Absinthe:
Absinthe is a strong herbal liqueur distilled with herbs like anise, licorice, hyssop, veronica, fennel, lemon balm, angelica and wormwood.
Absolute: Also known as an essence, this is the material extracted from a plant or flower using one of various solvents.
Accord: Perfume accords are a balanced blend of three or four notes which lose their individual identity to create a completely new, unified odor impression.
Aerosol: It’s the spraying and/or foaming of liquid or solid materials
by propellant agents from pressurized cans.
Aftershave: Less strong, it is the most popular choice and lasts
for 2 to 3 hours. Aftershaves are kinder to the skin than EDT's. Those with very
sensitive skin should use aftershave balms.
Agar wood: From the Aquilaria tree, and also called Oud or Aloes wood. The tree, when attacked by a common fungus, produces an aromatic resin that has long been used in the Middle East as a source of incense and perfume, now considered endangered in the wild due to over-harvesting.
Alcohol: It’s used in the perfume industry as a solvent for the
production of lotions. An often used alcohol is ethyl alcohol.

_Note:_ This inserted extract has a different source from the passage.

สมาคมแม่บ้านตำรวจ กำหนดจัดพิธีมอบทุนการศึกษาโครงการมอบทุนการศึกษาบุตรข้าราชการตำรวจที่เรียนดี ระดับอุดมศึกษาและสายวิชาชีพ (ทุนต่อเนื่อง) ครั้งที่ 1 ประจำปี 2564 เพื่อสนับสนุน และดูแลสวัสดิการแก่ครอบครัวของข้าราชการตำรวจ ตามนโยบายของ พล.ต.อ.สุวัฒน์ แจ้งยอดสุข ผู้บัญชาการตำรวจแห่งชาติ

Aldehydic: It’s the term for the odor-effect produced by the use
of short-chain aliphatic aldehydes. This effect can be described as fatty, watery
or even "snuffed candle". When concentrated, aldehydes are extremely powerful and
pungent. Aldehydes are used in all perfume types, especially those which feature
elegant feminine notes.
Amber: In perfumery, this usually refers to plant compounds (such as labdanum) or synthetics which have an ambergris-like scent. In general, it’s a heavy, full bodied, powdery, warm fragrance note
Ambrette: Oil obtained from these seeds has a musk-like odor and
is frequently used as a substitute for true musk.
Animalic: Refers to animal-derived ingredients such as civet, ambergris, musk, and castoreum. These are usually replaced by synthetics in modern perfumery. In large amounts, many of these notes are unpleasant, but in smaller amounts they provide depth and a sensual feel to a fragrance.

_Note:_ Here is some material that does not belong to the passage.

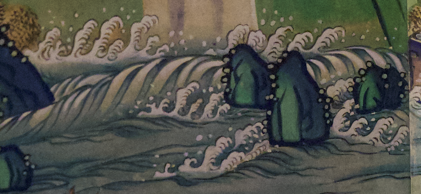 물결, 나무 등이 자연스럽게 연결되어 있지 않아 2첩 이상이 결실된 것으로 추정된다.

Anise: An annual herb of the parsley family, grown for its fruits (aniseed), which have a strong, licorice-like flavor.
Anosmia: The inability to smell odors. Many people have selective anosmias, for instance, total anosmia can occur as the result of injury or illness but is relatively rare and partial anosmia is a common phenomenon where people have selective insensitivity or blindness to particular materials smells or groups of smells. As for Benzyl Salicylate and Macro cyclic musks are common examples. Some people on first exposure to a new material may claim not to be able to smell it but after several exposures their ability to smell it improves.
Aqueous: It’s a recent designation for scents that are based more
on a concept of a “watery” smell than an actual scent.
Aroma Chemicals: Chemicals that have a smell and/or taste and are used in perfumes or flavors. Should note be confused with the term Aromatic Chemicals that refers to the Benzene ring structure found in many organic compounds.
Aromachology: The science dedicated to the study of the interrelationship between psychology and aroma.
Aromatic: The term in perfumery refers to the rich aroma and odor
of fragrances, scents and perfumes.
Aromatherapy: Therapy with aroma. It’s the art and science of using essential oils to heal common ailments and complaints. It particularly helps with stress or emotionally triggers problems such as insomnia and headaches.
Ayurvedic: It’s the ancient Hindu art of medicine, herbs to prolong life.